» **What the exercise asks**: Instruction for the entries below: return the part that opens with the line containing "To Where He Waited belongs" and closes with the line containing "5月12日,在江苏省扬州市江", exactly, and no pictures.

··· Input

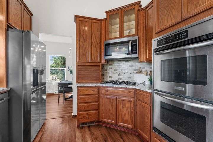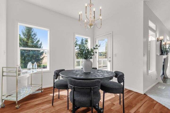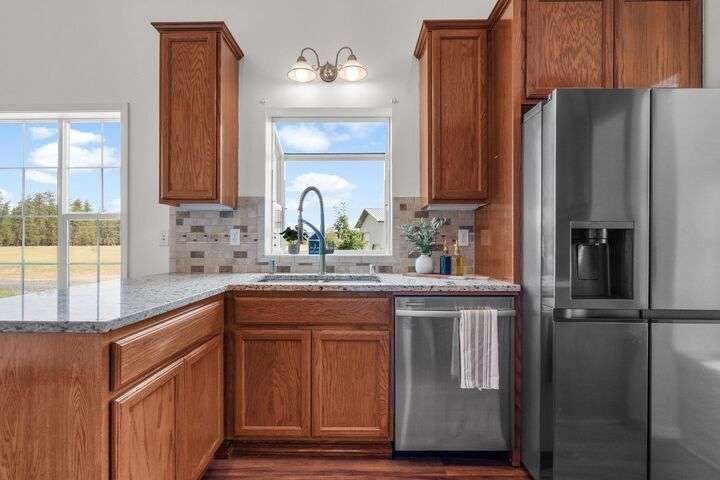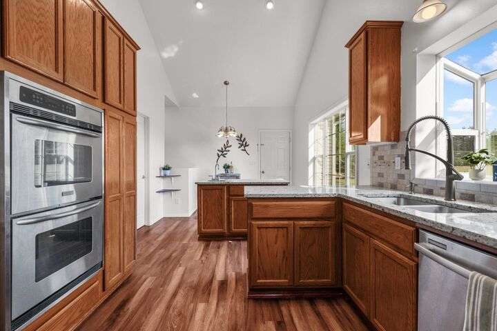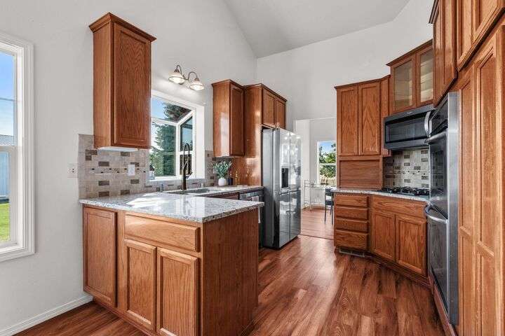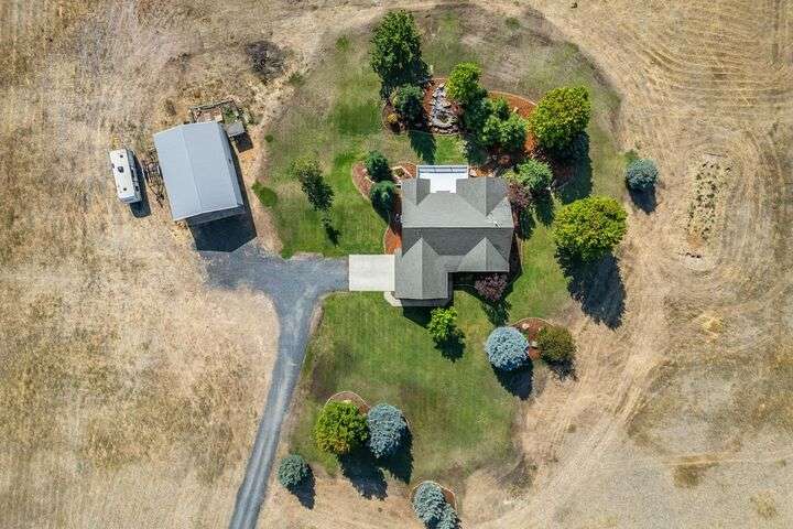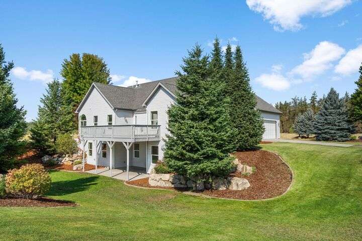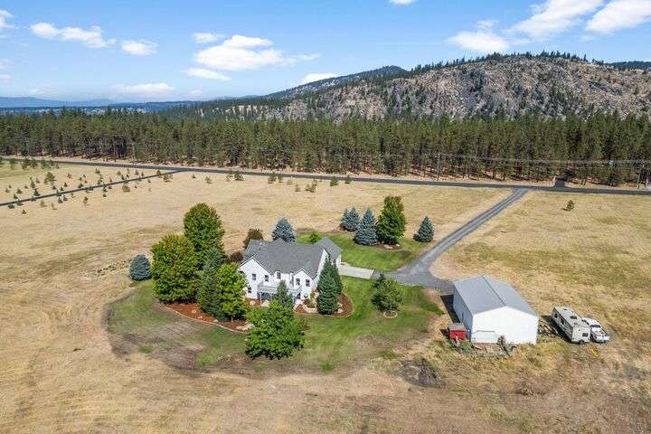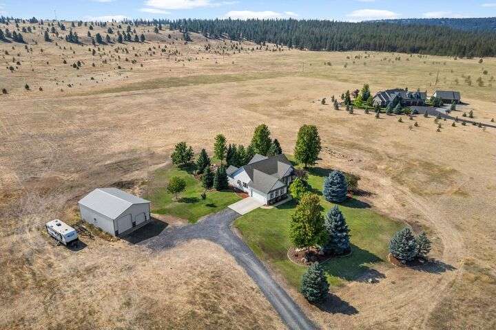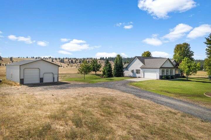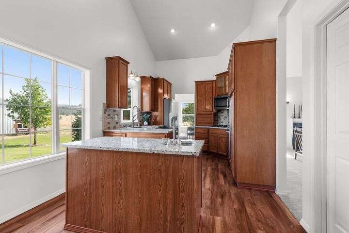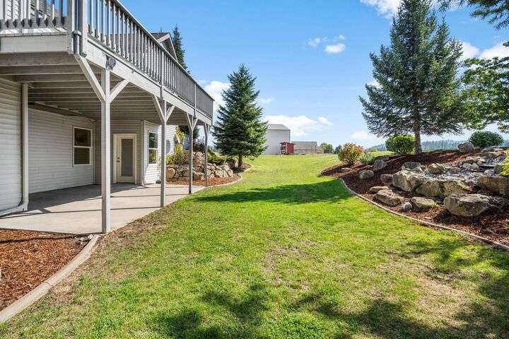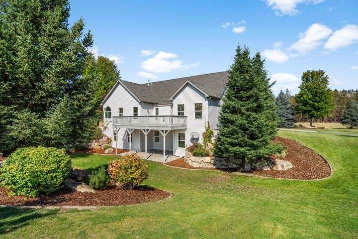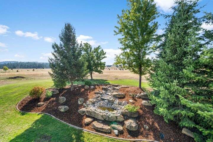 This John Runyan custom-built 5 bed, 3 bath home sits on 10 private acres and offers the perfect blend of comfort, function, and acreage living. The gourmet kitchen features a built-in gas range, double ovens, and expansive windows that flood the home with natural light. Fresh paint, new carpet, and a fully renovated primary suite highlight the main floor, complete with a large bedroom, sitting area, and spa-inspired bath with a garden tub overlooking the property. The lower level is designed for versatility—ideal for multigenerational living or entertaining—with 9’ ceilings, a wine/panic room, 2 bedrooms, a full bath, and hookups for a kitchen or wet bar alongside plumbing for a gas fireplace. Step outside to mature landscaping, colorful flower beds, and a tranquil water feature that frames the back patio and deck. A 30x40 shop with reinforced concrete floors provides room for projects, storage, or toys. Located in Mead or 9 Mile School Districts.
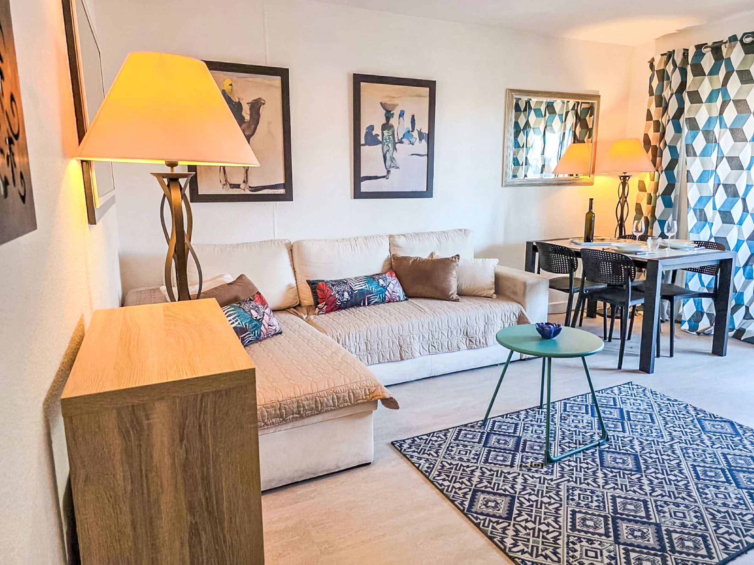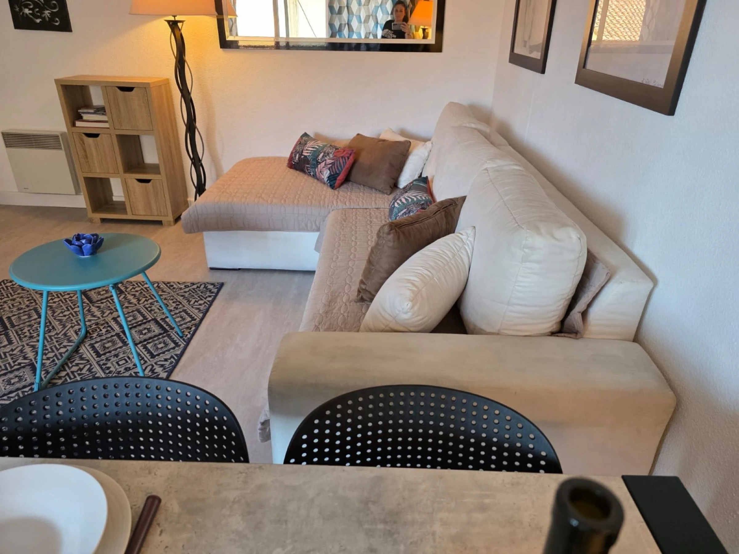 Apt 2 pièces 45 m2 au 2ème étage. Aménagement confortable et agréable: séjour/salle à manger avec TV (écran plat), air-conditionné. Sortie sur le balcon. 1 chambre avec 1 grand-lit (140 cm, longueur 190 cm), air-conditionné. Cuisine (four, lave-vaisselle, 3 feux, grille-pain, bouilloire électrique, micro-ondes, congélateur, cafetière électrique, Capsules pour machine à café (Nespresso) (NON INCLUSES)). Douche, WC séparé. Air-conditionné, chauffage à air chaud. Balcon 10 m2. Mobilier de balcon. Vue latérale sur la mer. A disposition: lave-linge, sèche-cheveux. Internet (Connexion WIFI, gratuit). Place de parking (1 Voiture). Veuillez noter: détecteur de fumée. Annonce d'un particulier (art 155, IV du CGI). [hidden]
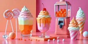 «A pastel orange and bright pink scene. On a pastel peach pink ta...»
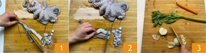 Para preparar los espaguetis a la guitarra con ragú de pulpo, lo primero asegurad que el pulpo esté bien limpio, sin ojos ni pico. En este punto, separad los tentáculos y divididlos por la mitad 1, luego cortadlos en trozos de aproximadamente medio cm 2. Preparad las verduras para el sofrito, picad finamente la zanahoria, el apio y la cebolla 3.
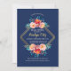 Eine wunderschöne, marineblaue, Aquarelleinladung mit einem polygonalen Goldrahmen und Haufen rosa und roter Blume und Blattwerk. (<a href='https://www.freepik.com/free-vector/watercolor-floral-frame-with-golden-polygonal-lines_2628011.htm'>Designed by Freepik</a>). <br/>()<br/>Die Karte ist leicht mit Ihrer Formulierung, Schriftart und Schriftart Farbe anzupassen.<br/>() Nicht genau das, was Sie suchen? Alle unsere Produkte können auf Ihre Bedürfnisse zugeschnitten werden, ohne Aufpreis.<br/>() Kontaktieren Sie uns einfach unter askcottonlamb@gmail.com.<br/>() Koordinierung der Produkte verfügbar: frag uns einfach!
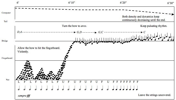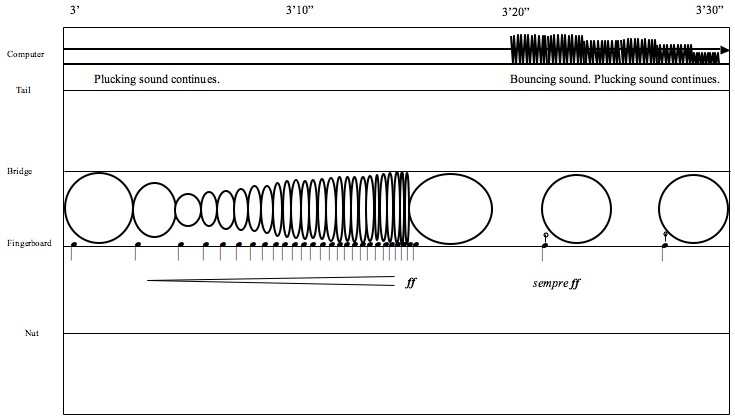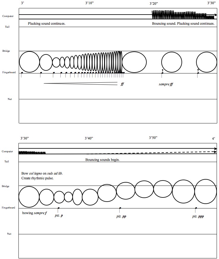 To Where He Waited belongs to a series of pieces inspired by poetry of St. John of Cross. These compositions explore instrumental sonorities that lie on the border of hearing. In To Where He Waited, cello predominantly produces colored noise. The concealed pitch becomes heard as the color of timbre. The electronic part uses the MAX/MSP implementation of the two-dimensional waveguide mesh physical model designed by Julius Smith and Gary Scavone and ported to MAX/MSP by Dan Trueman. The model represents a membrane—a sonic barrier, which is excited by the cello signal. The cello sound is heard only when it passes through this virtual wall in MAX/MSP. A number of models were tuned to the pitches derived from the letters of the poem. The electronic part combines the real-time and pre-recorded sonorities of the resonating models. To hear some audio examples, click here: Example 1 (J. Kojs, cello, MP3, 940Kb), Example 2 (J. Kojs, cello, MP3, 780Kb). Click to view the score exmples. |
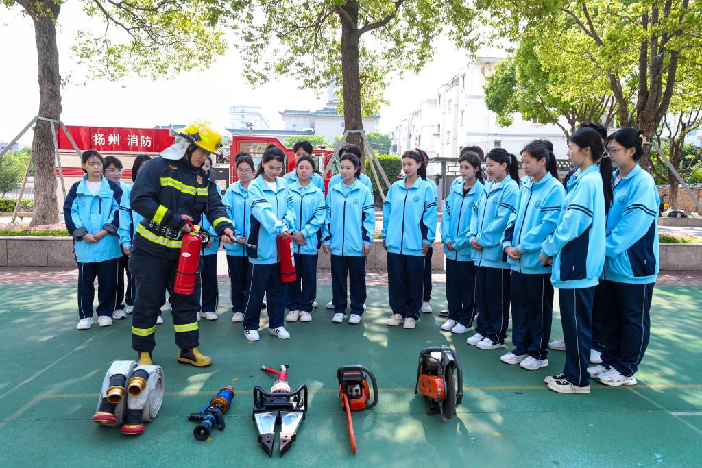 5月12日,在江苏省扬州市江都区第二中学,扬州市江都区消防救援大队消防员给学生演示消防职业技能。
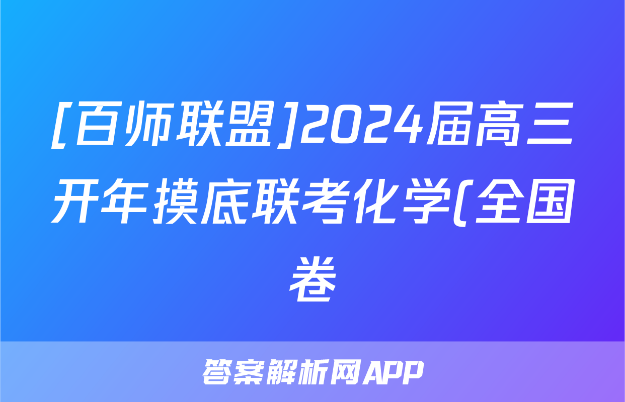 [百师联盟]2024届高三开年摸底联考化学(全国卷)答案正在持续更新,目前2026衡水金卷周测卷答案网为大家整理了相关试题及答案,供大家查缺补漏,高效提升成绩。
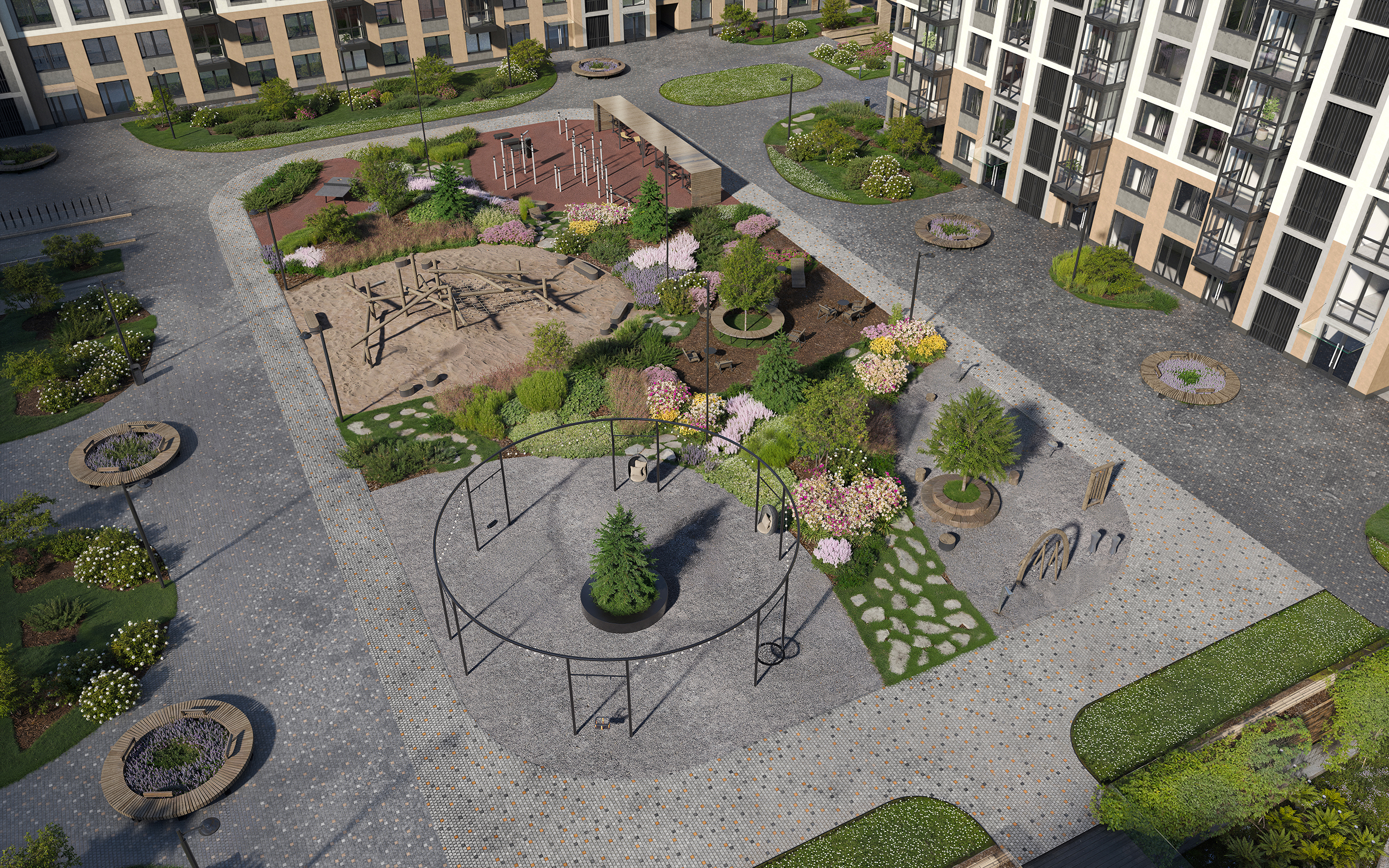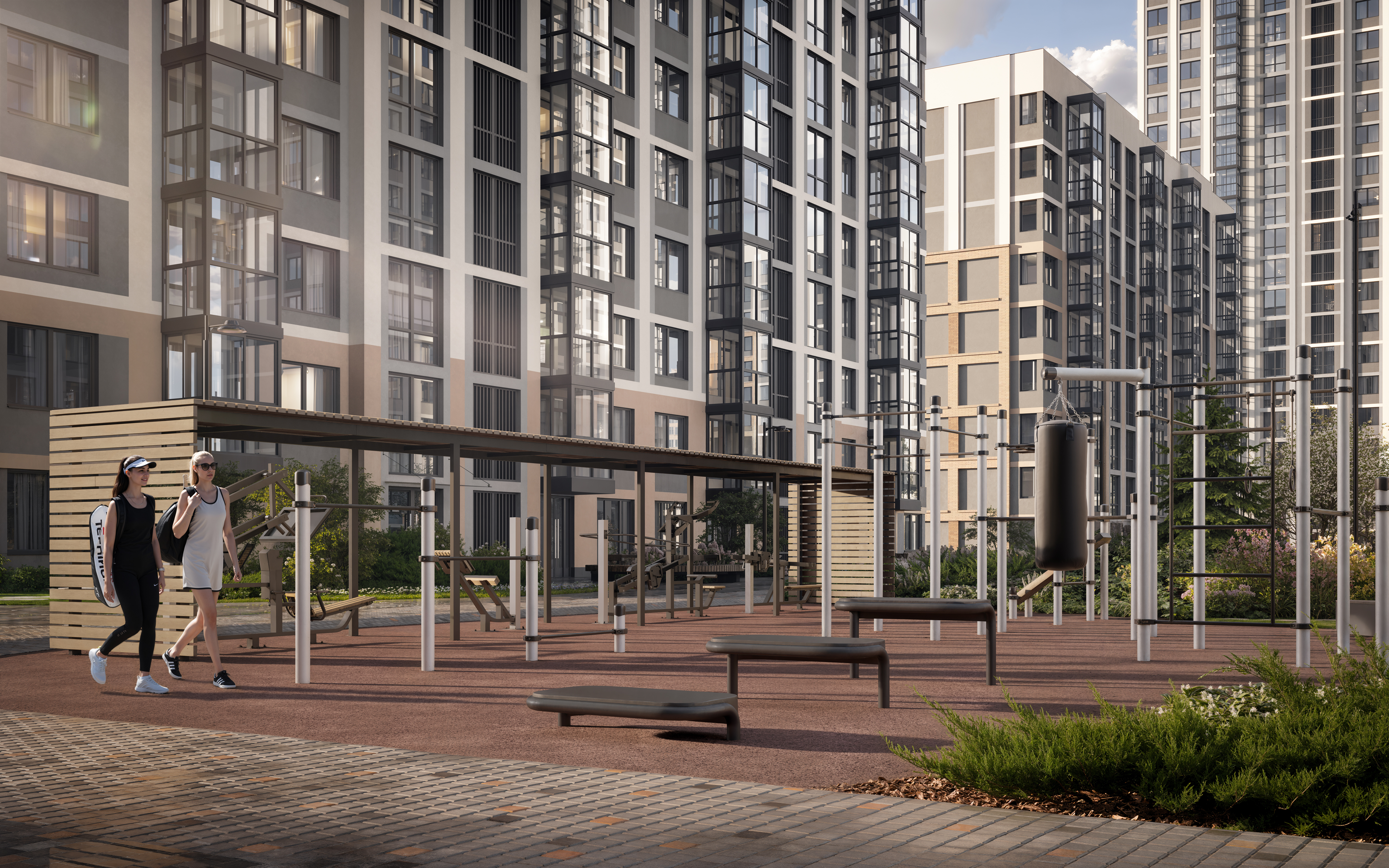 - Большая спортивная площадка оборудована профессиональными уличными тренажёрами и workout-комплексом.
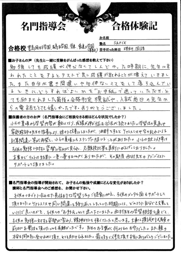 子供のつまづきに合わせた具体的な学習法のご提案に加え、子供のメンタル面もサポートして頂きました。ケアレスミスや同じ間違いを繰り返してしまっていた時期には、どのように自分で改善して行けば良いのかを、子供への「お手紙」として送って下さいました。西村先生の学習相談を通じて、子供の勉強に対数姿勢が変わり、精神的にも強くなったと思います。大事な模試や試験の前日にお電話を頂けたことも有難かったです。先生のお言葉が何よりものお守りでした。また、親の不安も同時に受け止めて頂き、とても助けられました。最後まで伴走頂き本当にありがとうございました。

······

» **Finished exercise**:
 To Where He Waited belongs to a series of pieces inspired by poetry of St. John of Cross. These compositions explore instrumental sonorities that lie on the border of hearing. In To Where He Waited, cello predominantly produces colored noise. The concealed pitch becomes heard as the color of timbre. The electronic part uses the MAX/MSP implementation of the two-dimensional waveguide mesh physical model designed by Julius Smith and Gary Scavone and ported to MAX/MSP by Dan Trueman. The model represents a membrane—a sonic barrier, which is excited by the cello signal. The cello sound is heard only when it passes through this virtual wall in MAX/MSP. A number of models were tuned to the pitches derived from the letters of the poem. The electronic part combines the real-time and pre-recorded sonorities of the resonating models. To hear some audio examples, click here: Example 1 (J. Kojs, cello, MP3, 940Kb), Example 2 (J. Kojs, cello, MP3, 780Kb). Click to view the score exmples. |
 5月12日,在江苏省扬州市江都区第二中学,扬州市江都区消防救援大队消防员给学生演示消防职业技能。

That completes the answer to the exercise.